I work very hard to accept people as they are and not assume that they are just like me. Myers-Briggs is one of many things that shows how different we all are. Yet I frequently encounter people who seem compelled to use the many tools of coercion (ridicule, scorn, etc.) to try to force me into a little mold -- even people I am close to who should know me better than that.

I found this quote at www.myersbriggs.org that sums it up well: "If I do not want what you want, please try not to tell me that my want is wrong. Or if I believe other than you, at least pause before you correct my view. Or if my emotion is less than yours, or more, given the same circumstances, try not to ask me to feel more strongly or weakly. Or yet if I act, or fail to act, in the manner of your design for action, let me be. I do not, for the moment at least, ask you to understand me. That will come only when you are willing to give up changing me into a copy of you." -- David Keirsey, "Please Understand Me II"

I am sure that we all have experienced this phenomenon in some degree. Any thoughts?

2thecardiffgiant
Jul. 12, 2007, 2:11 pm

I've never felt it necessary to make an effort to accept anyone and do not feel the machinations of others working against me. Sorry.

3QuiteMercurial
Jul. 13, 2007, 6:30 am

I think the quote's been a bit misinterpreted. Leaving someone alone to be who he is isn't the same as "accepting" someone, and simply because people wish others were like them (a very common wish, which almost everyone experiences if but for a nanosecond) that doesn't mean there are any "machinations" involved.

Anyway, my mother (ESTJ) is very much like this.
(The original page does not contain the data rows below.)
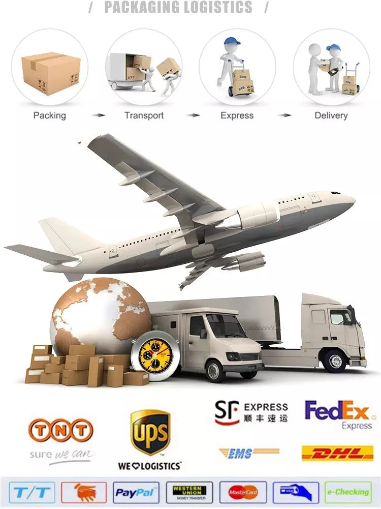3)he goods shall be delivered within 7 days after the order is placed and the goods shall be delivered to the place designated by you within 15-20 days 4)Express:UPS DHL FedEx TNT and Alibaba logistics style,We could also ship goods by air or sea.
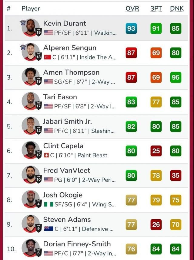 此前2K26游戏路透了火箭队多位球员的能力值:杜兰特93、阿门87、申京87,火箭全队有7人的2K能力值在80点以上,火箭队的阵容深度相当出色。
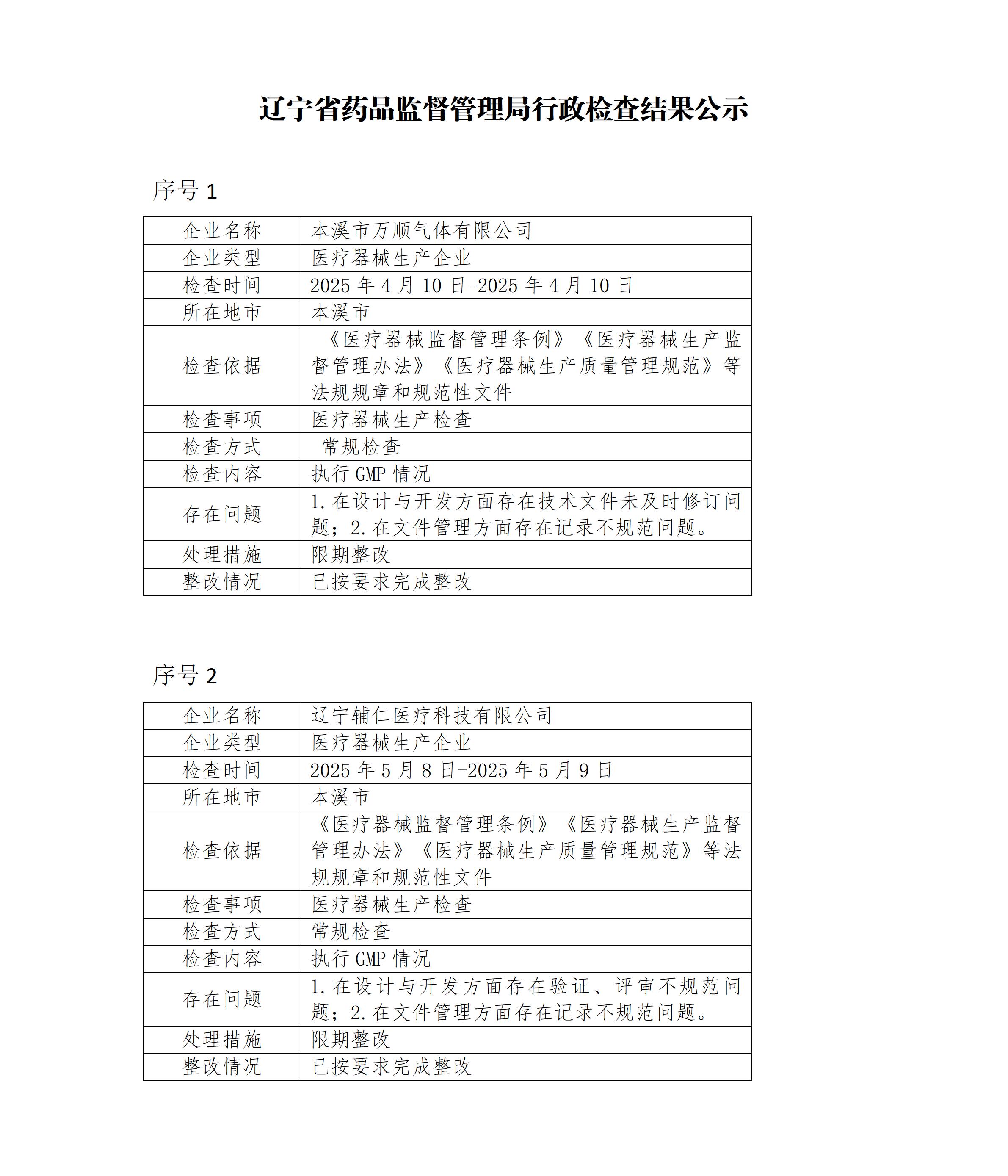 辽宁省药品监督管理局行政检查结果公示(2025年第301期)
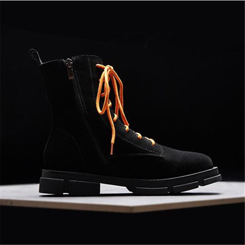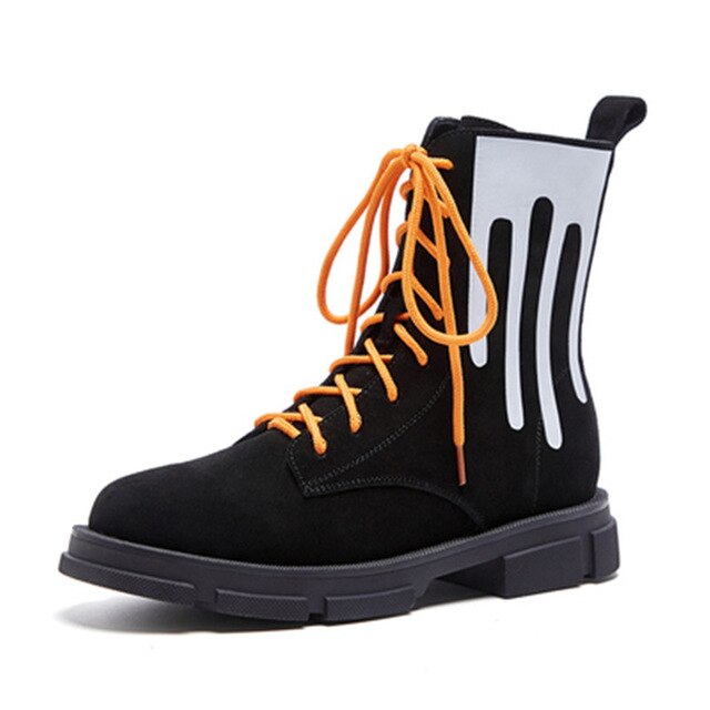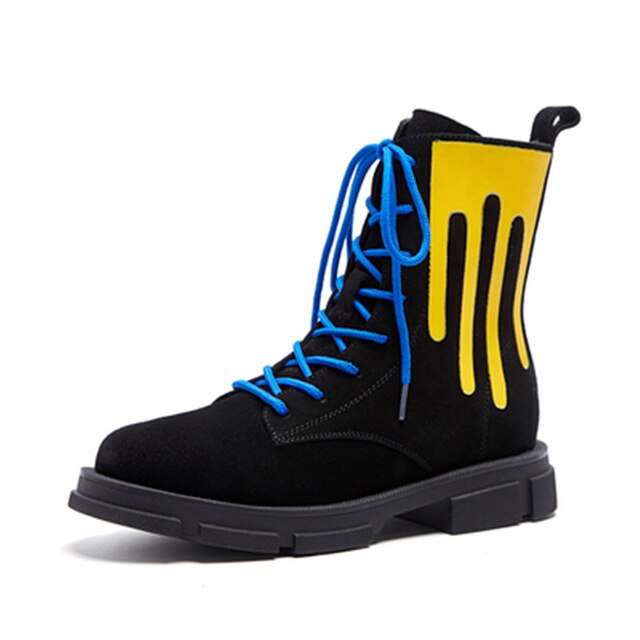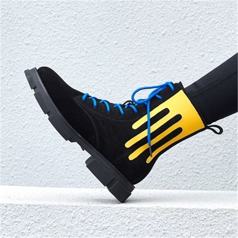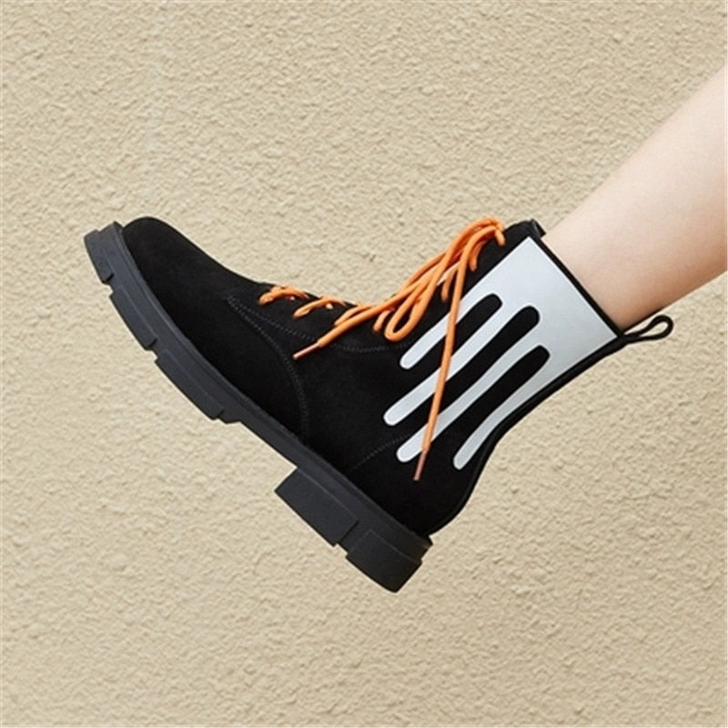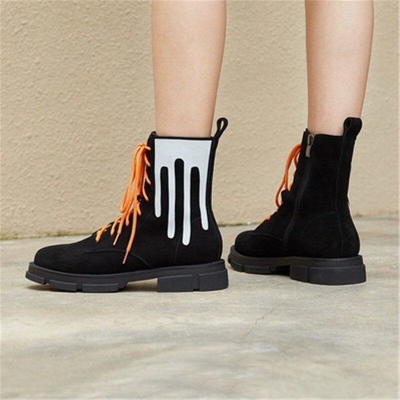 Hot Black Suede Leather Mixed Color Women Ankle Boots For Women Lace Up Platform Flats Botines Mujer Shoes Woman
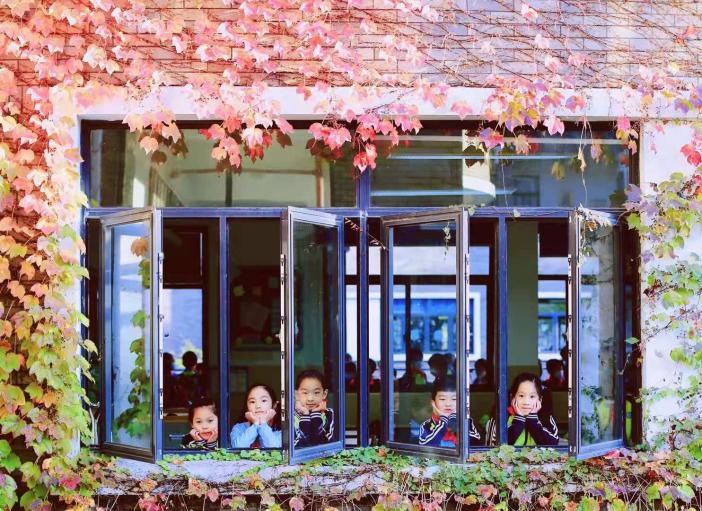 虹桥机场小学:枫叶红,银杏黄,机场蓝,校园里的萌娃是冬季最好的风景。

I know for a fact that she wishes I were more like her or at least more like someone "normal." She's made mostly off-hand comments about it, though she struggled in the past to get me to be Catholic (what she considers "normal" and is what she is) and go out and be social, supposedly like everyone else. She is not terribly thrilled about my introverted ways, and she's not as ecstatic about my avid interest in reading.

I'll admit that I often wish she were at least a little bit more like me. But then, that's what I have my dad for! (Not really.) He is an ISTJ, and so he's one step closer to me. I think he rarely wishes I were any different; he's much more tolerant and understanding. I'm likewise with him, but when we get into tiffs, I wish he were more like me.

It's a nice goal to be able at least to tolerate people of different kinds--and, being tossed into society, it's what we must do to an extent--but it can be extremely difficult with certain people. I suppose one can only avoid those types, "deal with" others, and be happy with the few that we can genuinely fall in with.

4chamekke
Jul. 14, 2007, 1:42 am

1 > I am sure that we all have experienced this phenomenon in some degree. Any thoughts?

I think this is likelier to happen if one is female. People are sometimes taken aback by INTJ women - especially the analytical aspect, which some people perceive as "unfeminine". (Sheesh.)